ASSIGNMENT QUESTION (As Sent)
WRITE NOTES ON

1. TRISOMIES
2. CRI DU CHAT SYNDROME
3. WOLF-HIRSCHON SYNDROME
4. VELOCARIOFACIAL SYNDROME
5. PRADA-WILLI SYNDROME
6. ANGEL-MAN SYNDROME
7. SEX CHROMOSOME ANUEPLOIDY

ASSIGNMENT
WRITE 3 MAJOR SYMPTOMS OF EACH OF THE TRISOMIES

Answer

NOTES ON GENETIC DISORDERS

1. Trisomies

Trisomy refers to a genetic condition where an individual has three copies of a particular chromosome instead of the normal two. It occurs due to nondisjunction during meiosis and can lead to developmental and health issues. Common trisomies include:

• Trisomy 21 (Down Syndrome) – Extra chromosome 21.

• Trisomy 18 (Edwards Syndrome) – Extra chromosome 18.

• Trisomy 13 (Patau Syndrome) – Extra chromosome 13.

2. Cri du Chat Syndrome

Cri du Chat syndrome (“Cry of the Cat”) is a rare genetic disorder caused by a deletion on the short arm of chromosome 5 (5p-). It is named after the characteristic high-pitched cry of affected infants, resembling a cat’s cry.

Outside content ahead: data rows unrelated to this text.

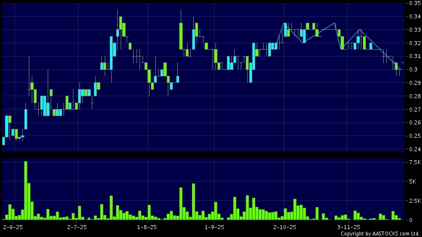 香港華人有限公司(00655.HK) -0.005 (-1.724%) 呈現三重頂突破向下。現價報0.305,上升1.667%,成交量3.00萬股,成交額9.15千。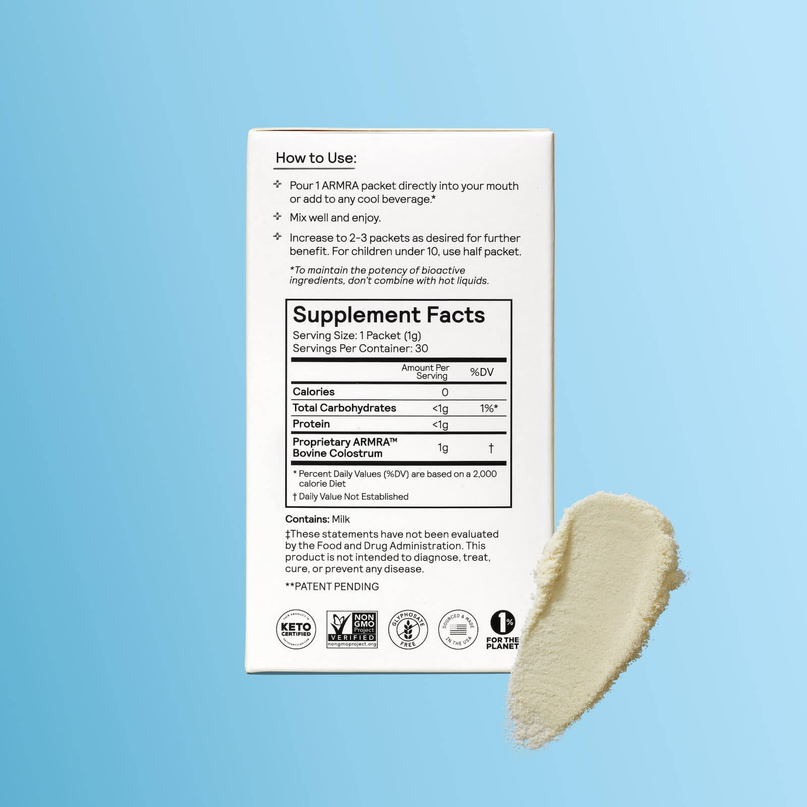 Unflavored: Proprietary ARMRA Colostrum" Concentrate (Bovine). Contains: Milk.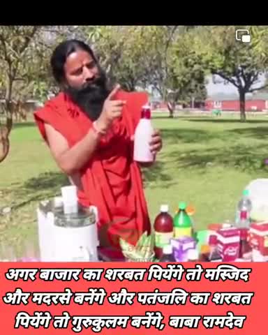 अगर बाजार का शरबत पियेंगे तो मस्जिद और मदरसे बनेंगे और पतंजलि का शरबत पियेंगे तो गुरुकुलम बनेंगे, बाबा रामदेव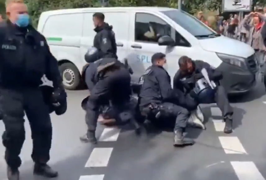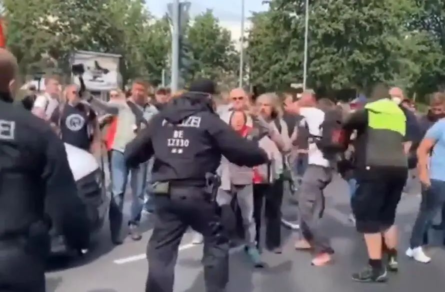 德国柏林街头当天同样出现了示威活动。路透社称,上千人参加游行活动,高呼抗议口号,挥舞横幅,反对新冠疫情限制,报道称,警方与抗议者发生了冲突。视频显示,有示威者被警方摁倒在地,警方使用喷雾试图控制示威人群。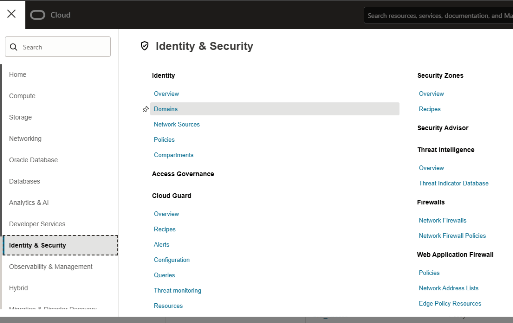 Step 2 – Click the menu icon (often referred to as the “hamburger” or “pancake stack”). Then Select “Identity & Security” before selecting “Domains”.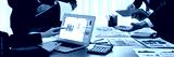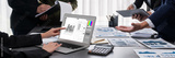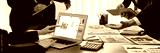 Panorama shot analyst team utilizing BI Fintech to analyze financial report with laptop. Businesspeople analyzing BI data dashboard displayed on laptop screen for business insight. Prodigy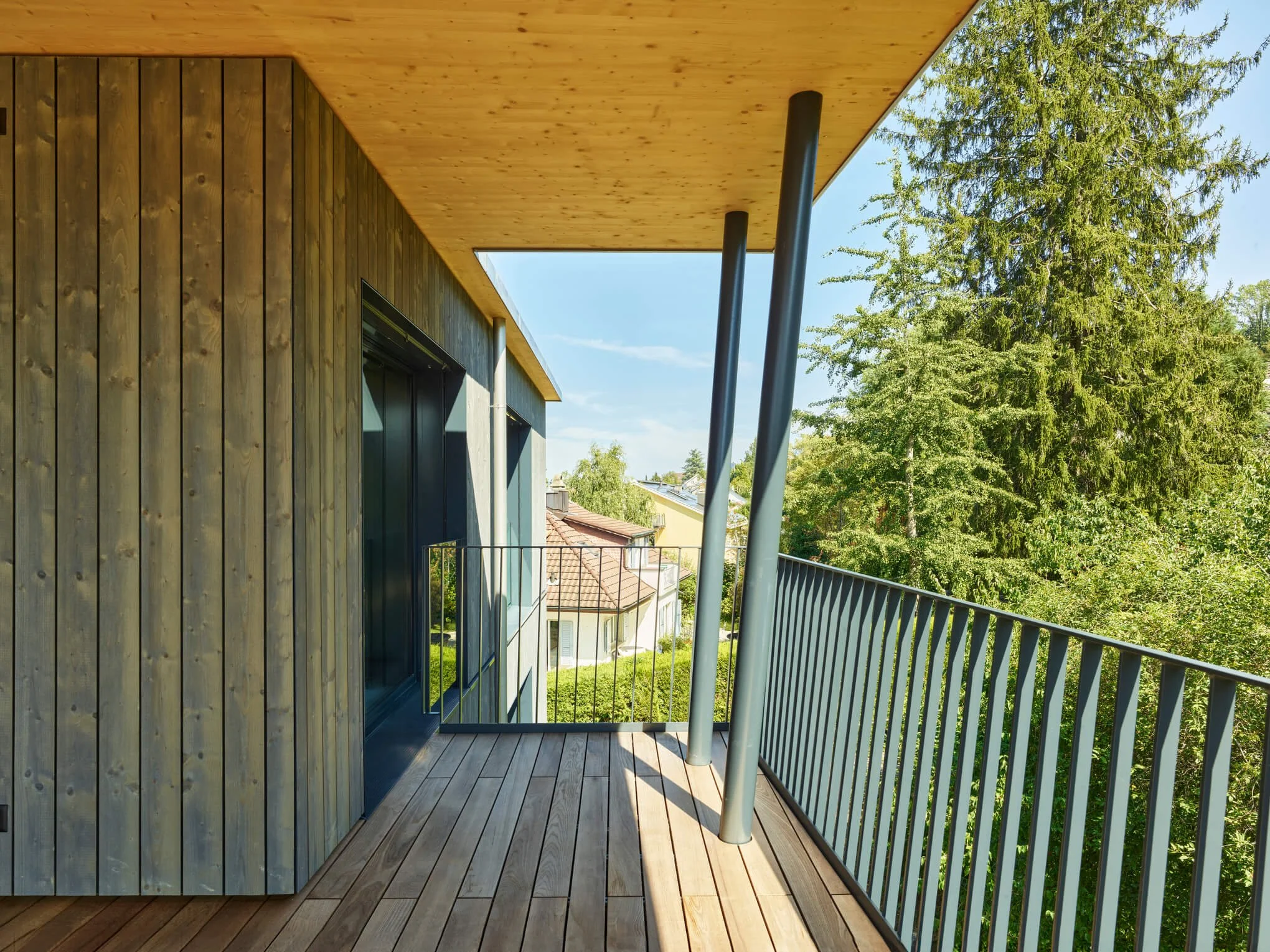Balkon mit Holzfußboden, Holzverkleidung an der Wand, und modernem Geländer, umgeben von grünen Bäumen, bei sonnigem Wetter.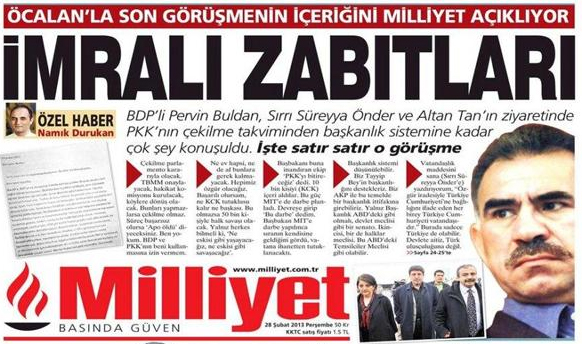 Abdullah Öcalan ile adada görüşen BDP heyetinin konuşmalarının içeriğini duyuran 28 Şubat 2013 tarihli Milliyet'in manşeti "barış sürecine provokasyon" iddialarına muhatap olmuştu.

• Symptoms: Intellectual disability, delayed development, small head size (microcephaly), and distinct facial features.

3. Wolf-Hirschhorn Syndrome

Wolf-Hirschhorn syndrome (WHS) is a genetic disorder caused by a deletion in the short arm of chromosome 4 (4p-). It affects physical and mental development.

• Symptoms: Distinct facial appearance (Greek warrior helmet face), seizures, and severe developmental delay.

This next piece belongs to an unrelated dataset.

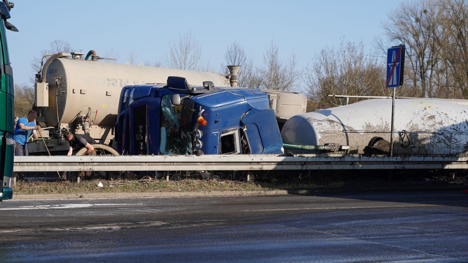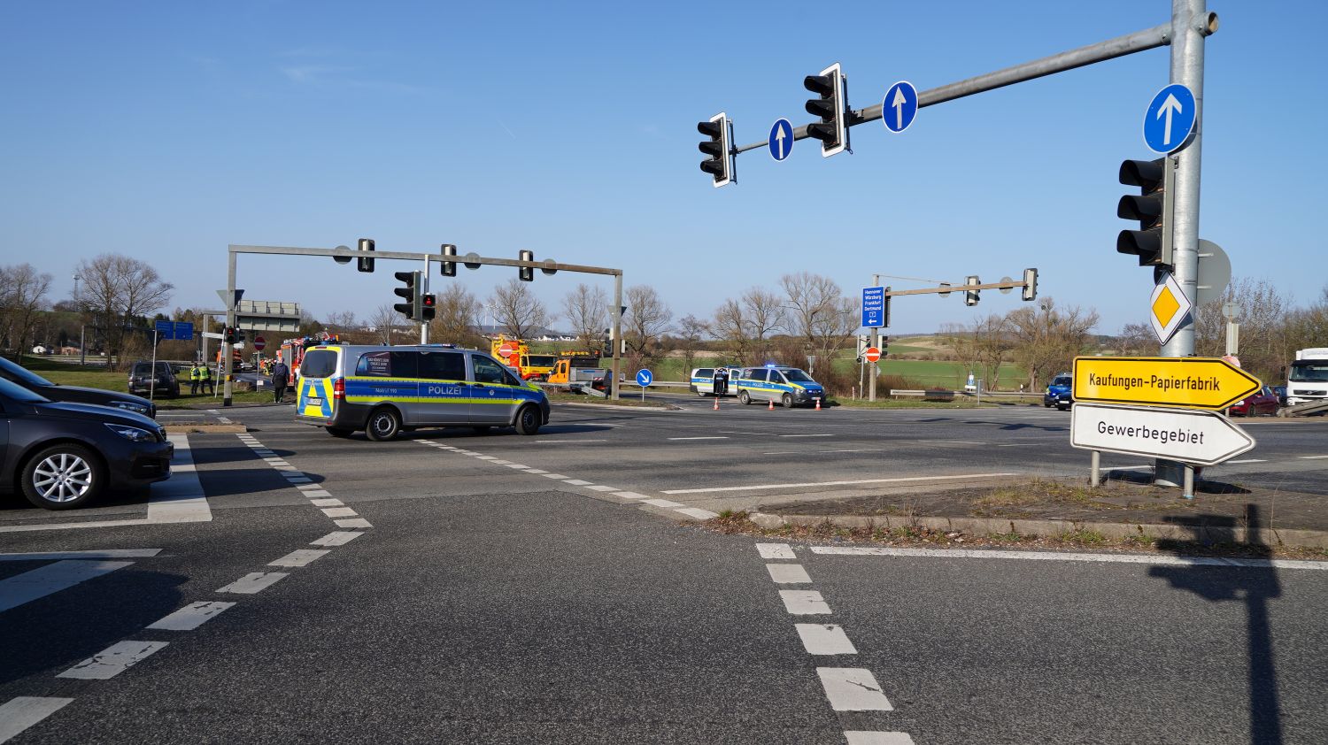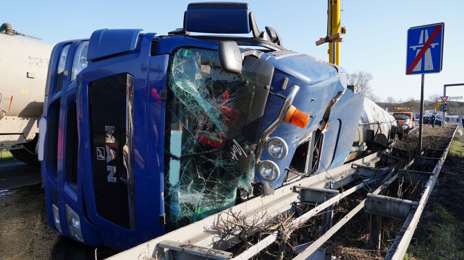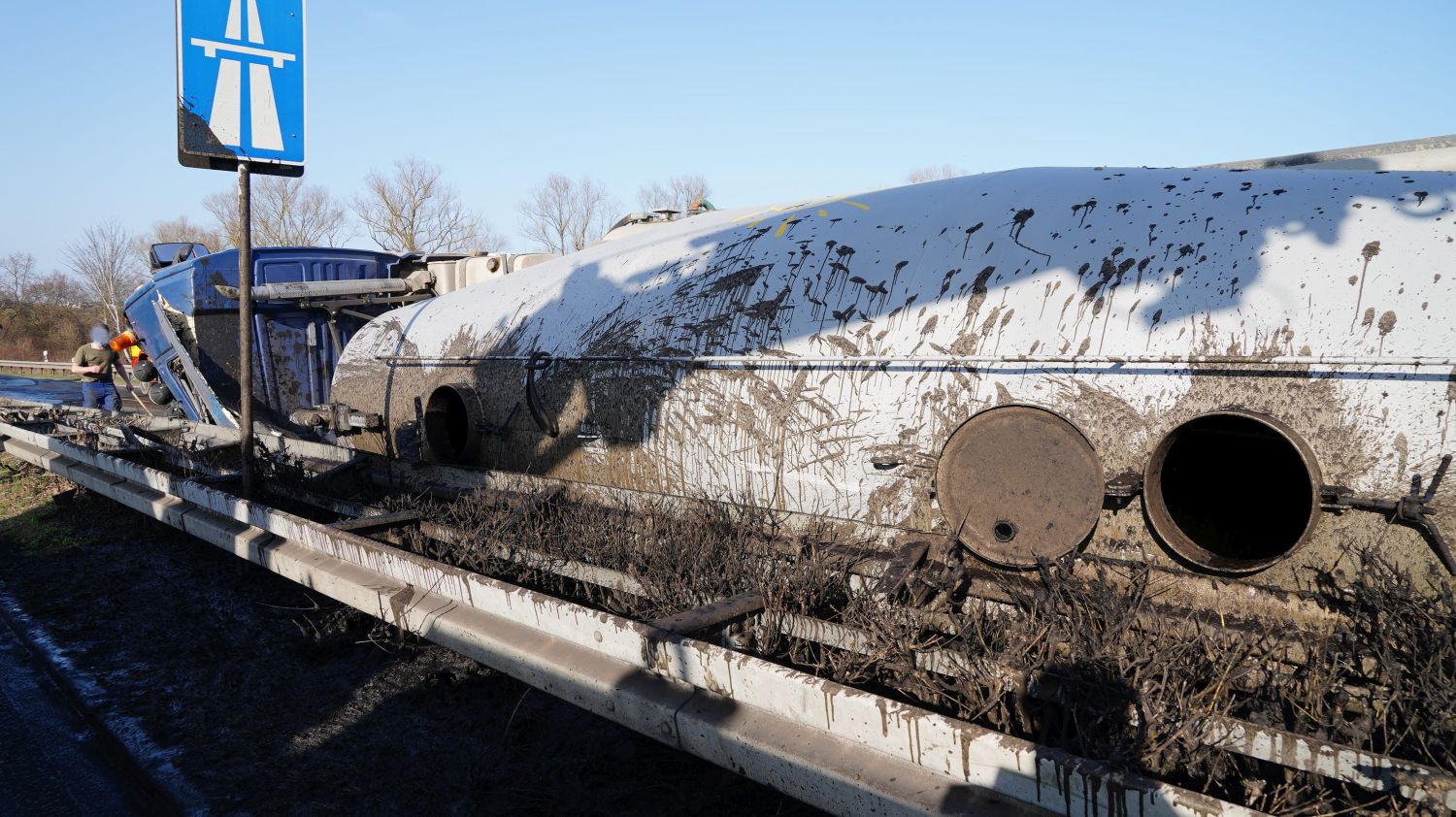 Kaufungen-Papierfabrik – An der Kreuzung der B 7 und der Autobahnauffahrt Kassel-Ost ist gegen 14:10 Uhr ein Lkw umgekippt. Das Fahrzeug war offenbar aus Richtung Kaufungen gekommen, wollte an der Kreuzung nach rechts auf die Autobahn abbiegen und ist aus noch unbekannten Gründen umgekippt. Der Fahrer wurde glücklicherweise nicht schwerer verletzt und wurde vorsorglich von den Rettungskräften versorgt. Der Silo-Lkw hat nach derzeitigen Erkenntnissen Gärreste aus einer Biogasanlage geladen, wobei die Gülle ausgelaufen ist und großflächig die Fahrbahn verunreinigt hat. Aus diesem Grund musste die Autobahnauf und Abfahrt für mehrere Stunden voll gesperrt werden. Die restliche Ladung musste aus dem Anhänger abgesaugt werden. Es wird nachberichtet.

4. Velocardiofacial Syndrome (DiGeorge Syndrome)

Velocardiofacial syndrome, also known as 22q11.2 deletion syndrome, occurs due to a missing segment on chromosome 22. It affects multiple body systems.

• Symptoms: Heart defects, cleft palate, and immune system problems.

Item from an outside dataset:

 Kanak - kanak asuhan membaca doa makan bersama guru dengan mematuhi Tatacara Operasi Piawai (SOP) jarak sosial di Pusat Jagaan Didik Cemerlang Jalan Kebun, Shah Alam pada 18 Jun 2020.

5. Prader-Willi Syndrome (PWS)

Prader-Willi syndrome is a genetic disorder caused by the loss of function of paternal genes on chromosome 15 (15q11-q13). It is associated with excessive eating and developmental delays.

• Symptoms: Poor muscle tone (hypotonia) in infancy, excessive hunger (hyperphagia), and intellectual disabilities.

6. Angelman Syndrome (AS)

Angelman syndrome is a neurodevelopmental disorder caused by the loss of function of the maternal gene on chromosome 15 (15q11-q13). It affects movement, behavior, and communication.

• Symptoms: Severe speech impairment, frequent laughter/happy demeanor, and ataxia (problems with movement and coordination).

7. Sex Chromosome Aneuploidy

Sex chromosome aneuploidy occurs when an individual has an abnormal number of sex chromosomes (X and Y). Some common conditions include:

• Turner Syndrome (45,X) – Affects females with one missing or incomplete X chromosome.

• Klinefelter Syndrome (47,XXY) – Affects males with an extra X chromosome.

• Jacob’s Syndrome (47,XYY) – Affects males with an extra Y chromosome.

B. 3 MAJOR SYMPTOMS OF EACH TRISOMY

1. Trisomy 21 (Down Syndrome)

• Intellectual disability

• Characteristic facial features (flat face, upward-slanting eyes)

• Hypotonia (low muscle tone)

2. Trisomy 18 (Edwards Syndrome)

• Severe intellectual disability

• Clenched fists with overlapping fingers

• Heart defects

3. Trisomy 13 (Patau Syndrome)

• Severe brain and facial abnormalities (cleft lip/palate, small head)

• Extra fingers or toes (polydactyly)

• Congenital heart defects

These genetic conditions vary in severity, and early diagnosis helps in managing symptoms effectively.